The commanders advice is spot on ! Grab a hold of the gun, you will feel
it right away. Grip, balance, barrel length.....28" IMO Get in an area where you can shoulder it quickly, you'll know right away if she's for you or not.
Good Luck........


----------



## Gater DONE (Jan 17, 2010)

Last year i bought a stoger m2000 from dicks on sale for 379.00 in the woodlands camo, It has been a great gun for me here is a review on it that i wrote up a while back



It seems the first m2000's were almost completely junk and they have gone through generations of reform and the latest generations have improved greatly, there are only a handful of bad reviews on the latest ones. Which is expected with a gun at this price range but bennili does stand behind the guns and have replaced a quite a few over the years from the reviews that i have read.

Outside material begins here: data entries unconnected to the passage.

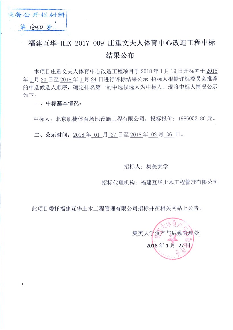 福建互华—HHX—2017—009—庄重文夫人体育中心改造工程中标结果公布
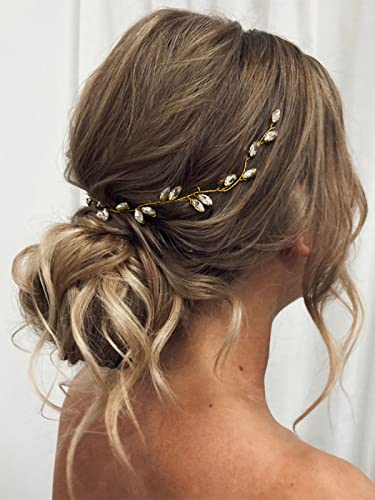 JAKAWIN Bride Rhinestone Wedding Hair Vine Crystal Hair Piece Bridal Headpiece Hair Accessories for Wome HV190 (2 Gold)
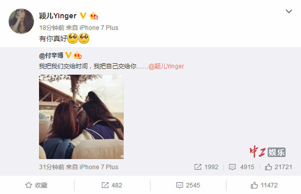 颖儿付辛博甜蜜公布恋情 七夕前夕猝不及防发“狗粮”
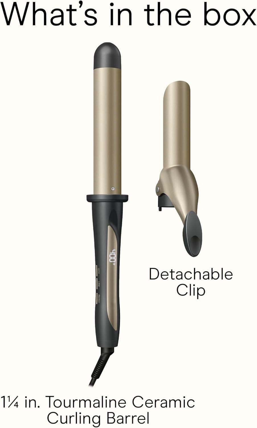 INFINITI PRO CONAIR Tourmaline Ceramic 1¼ Inch Curling Iron, 1¼-Inch Barrel Digital Hair Curler, Produces Loose Curls, 5 Heat Settings, For Use on Medium and Long Hair, Dark Grey(Dark Grey)
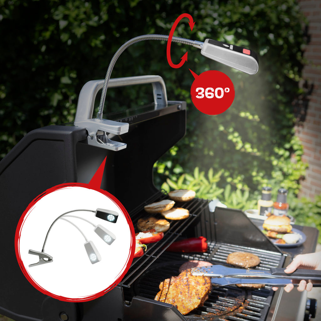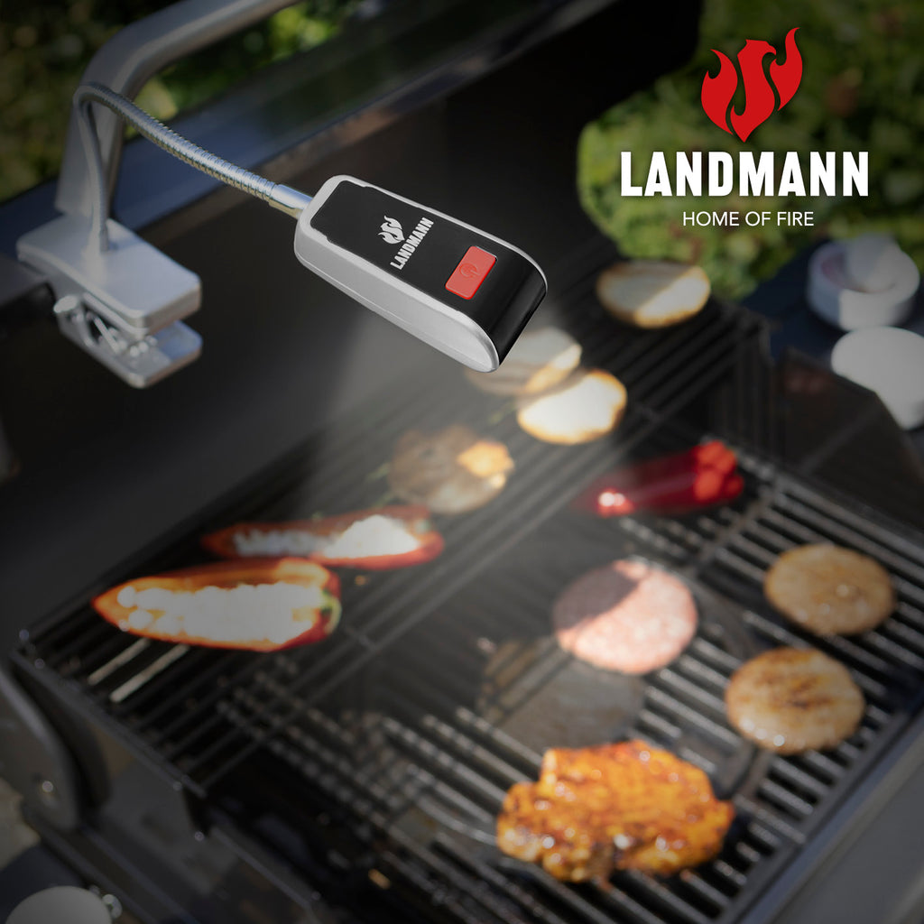 Die Grilllampe von LANDMANN lässt den Griller mit ihren 9 LEDs auch zu später Stunde nicht im Dunkeln stehen. Dank stromsparender LED-Technologie kannst du die Grillbeleuchtung unabhängig vom Stromnetz mit Batterien betreiben. Mit der Clipbefestigung lässt sie sich problemlos horizontal oder vertikal an den Grill klemmen. Grilllicht mit zusätzlicher Schraubbefestigung. Die benötigten 3 x AAA 1,5V Batterien sind im Lieferumfang nicht enthalten.
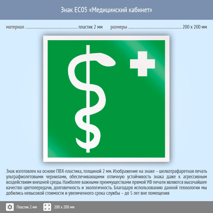 Знак EC05 «Медицинский кабинет» (пластик, 200х200 мм) в Альметьевске купить
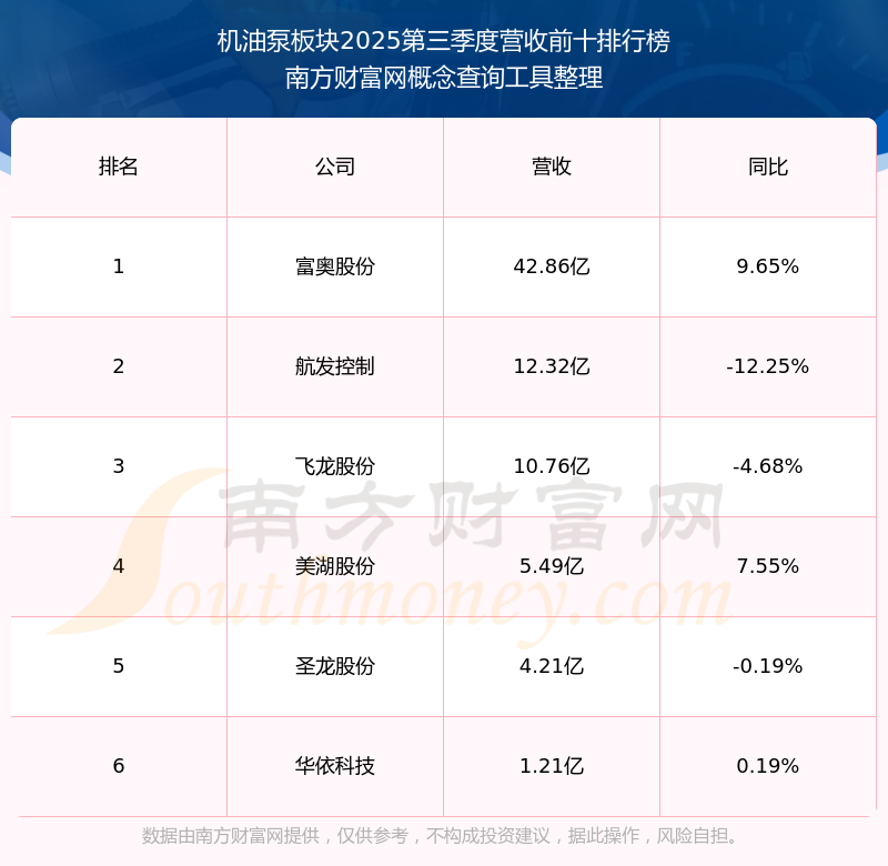 按照南方财富网概念查询工具统计,该股所属板块为机油泵板块,该板块共有6只股票,美湖股份2025第三季度营收在该板块中排名为第4名,该板块2025第三季度营收排名前十的股票如下表:
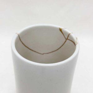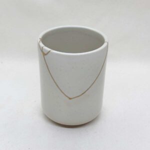 湯呑み金継ぎ修復20260129 金継ぎ 2026.01.272026.01.28 Before After Before激しく割れてしまった大きめの湯呑み。「三つの破片さえあれば、きっと元に戻るはず」というお客様の願いを込めて、金継ぎをとの依頼でした。 Afterあえて残ったわずかな隙間を埋めるように引かれた金線は、まるで意図したデザインのような豪快な美しさに。真っ白な陶肌に金の筋が鮮やかに映え、器のの内外に新しい「景色」が宿りました。

Also from reading the reviews i found out that a few common problems plague all m2000's.

#1. there is a screw on the side of the reciver that needs locktited or it will back out.

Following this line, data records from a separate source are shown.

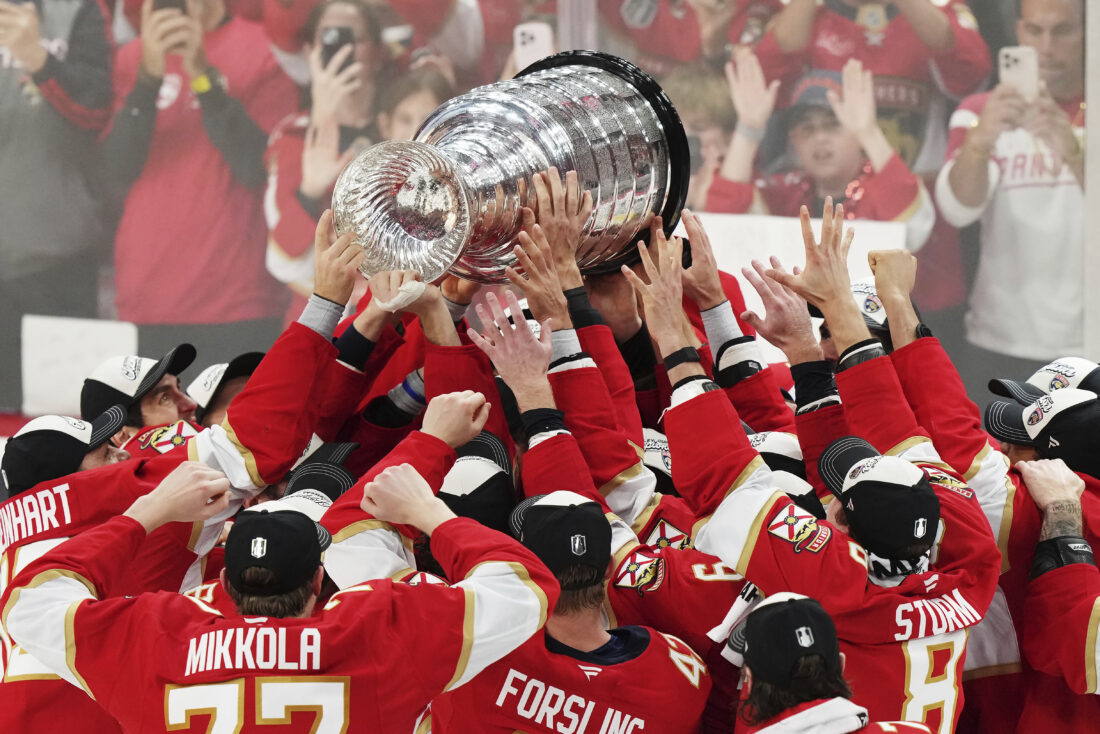 The Florida Panthers raise the Stanley Cup after defeating the Edmonton Oilers in Game 6 of the NHL hockey Stanley Cup Final in Sunrise, Fla., Tuesday, June 17, 2025. (Nathan Denette/The Canadian Press via AP)
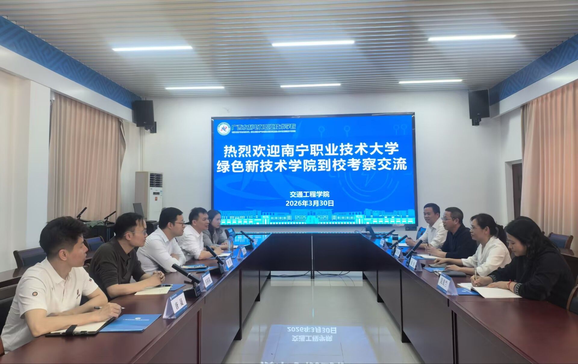 [本网讯]3月30日下午,南宁职业技术大学绿色新技术学院党委书记罗金一行5人莅临交通工程学院开展考察交流活动。双方围绕专业建设发展、校企合作及产教融合等议题展开深入探讨。
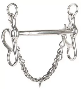 Pelham zaprzęgowy prosty.Pierścienie nieruchome ze stali nierdzewnej.W komplecie łańcuszek i haczyki.Nie powoduje reakcji alergicznych.Grubość: 12 mm...

#2. they were assembled with a heavy lube that tends to gum up when it gets cold out restricting the firing pin from hitting the primer with enough force to ignite it but enough to dent the primer

I took it apart and cleaned it right away, then lubed it up with the rem Teflon lube spray and never had a problem all the way through late season.

#3 The stock choke tubes are JUNK the modified expanded after 2 cases of #4 steel. MAKE sure you keep an eye on them 

Finally the Stoger m2000 has been a very good gun to me and i would recommend it to anyone i averaged about a box and a half through it every weekend for 3/4 of the season. Before it broke in you could feel / see a few burrs in the action but after about a box of shells and a good cleaning it smoothed right up. 

Also the only time the gun didn't cycle the second shell was when i failed to completely shove the shell up into the magazine tube until it clicked and it jammed aganist the shell door 


This spring i took the gun out and shot a box of 2 3/4 1 once loads through it without a problem.

I never had a problem with it not liking shells either i have shot 3in #4's steel in kent, federal, remington, and the cheap high velocity in mixed order with out an issue

One last thing this gun has a pretty good kick to it so you may want to look into the mercury recoil reducer.


----------



## JD252438 (Feb 3, 2010)

do they have these guns for sale at dicks every year or was it just last year? less than 400 is better than more than 500 i was kind of expecting the stoeger to get better reviews there is a store in texas called academy sports and outdoors and its just like dicks and hopefully they will have these guns on sale when january comes around because thats when i get all my money because of my birthday and christmas. I really hope the stoeger will be as good of a gun as my mossberg 500 20 gauge was.


----------



## idylmoments (Apr 28, 2002)

I have a 935 in Shadowgrass. Maybe has 2 boxes of shells thru it and I just don't use it. Give you a deal on it, send me a pm.


----------



## Gater DONE (Jan 17, 2010)

this is a good read on the stoger m2000 

http://thefiringline.com/forums/showthread.php?t=406016


----------



## firenut8190 (Jul 15, 2006)

I have had my Stoeger going on 6 yrs now and I us it for everytthing. Waterfowl, Turkey, Small game, Skeet, Paddling. And has preformed very well. Take a look at there new Stoeger 3500. 
I will be picking one up in the next month.


----------



## field-n-feathers (Oct 20, 2008)

idylmoments said:


> I have a 935 in Shadowgrass. Maybe has 2 boxes of shells thru it and I just don't use it. Give you a deal on it, send me a pm.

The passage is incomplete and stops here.